• Data shown
##############################
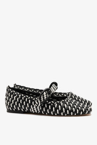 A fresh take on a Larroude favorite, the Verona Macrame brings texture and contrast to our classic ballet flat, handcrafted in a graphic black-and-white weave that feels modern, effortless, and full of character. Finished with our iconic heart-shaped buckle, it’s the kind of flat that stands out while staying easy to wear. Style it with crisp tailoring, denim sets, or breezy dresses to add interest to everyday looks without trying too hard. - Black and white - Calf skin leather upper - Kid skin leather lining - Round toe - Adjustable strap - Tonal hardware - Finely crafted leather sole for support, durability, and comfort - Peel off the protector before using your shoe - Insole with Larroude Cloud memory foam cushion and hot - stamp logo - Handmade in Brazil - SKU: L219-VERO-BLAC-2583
##############################
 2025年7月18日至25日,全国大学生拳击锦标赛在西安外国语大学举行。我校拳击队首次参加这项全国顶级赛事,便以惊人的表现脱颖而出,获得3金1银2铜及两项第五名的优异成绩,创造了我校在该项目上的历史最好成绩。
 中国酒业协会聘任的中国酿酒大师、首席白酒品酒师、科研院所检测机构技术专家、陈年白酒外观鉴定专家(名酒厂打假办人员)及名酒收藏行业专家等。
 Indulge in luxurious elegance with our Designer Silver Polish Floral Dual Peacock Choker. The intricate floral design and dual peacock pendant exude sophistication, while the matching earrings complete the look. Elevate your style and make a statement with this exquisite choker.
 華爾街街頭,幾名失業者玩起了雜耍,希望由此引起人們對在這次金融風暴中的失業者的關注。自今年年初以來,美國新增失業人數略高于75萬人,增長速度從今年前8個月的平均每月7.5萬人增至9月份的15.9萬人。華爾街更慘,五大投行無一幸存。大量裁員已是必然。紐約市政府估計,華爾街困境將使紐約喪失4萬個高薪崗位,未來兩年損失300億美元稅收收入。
##############################
• Try it
Among the records above, extract exactly the lines from the line with "中国酒业协会聘任的中国酿酒大" to the line with "華爾街街頭,幾名失業者玩起了", both lines included, and leave out the rest.

• Solution to this exercise
 中国酒业协会聘任的中国酿酒大师、首席白酒品酒师、科研院所检测机构技术专家、陈年白酒外观鉴定专家(名酒厂打假办人员)及名酒收藏行业专家等。
 Indulge in luxurious elegance with our Designer Silver Polish Floral Dual Peacock Choker. The intricate floral design and dual peacock pendant exude sophistication, while the matching earrings complete the look. Elevate your style and make a statement with this exquisite choker.
 華爾街街頭,幾名失業者玩起了雜耍,希望由此引起人們對在這次金融風暴中的失業者的關注。自今年年初以來,美國新增失業人數略高于75萬人,增長速度從今年前8個月的平均每月7.5萬人增至9月份的15.9萬人。華爾街更慘,五大投行無一幸存。大量裁員已是必然。紐約市政府估計,華爾街困境將使紐約喪失4萬個高薪崗位,未來兩年損失300億美元稅收收入。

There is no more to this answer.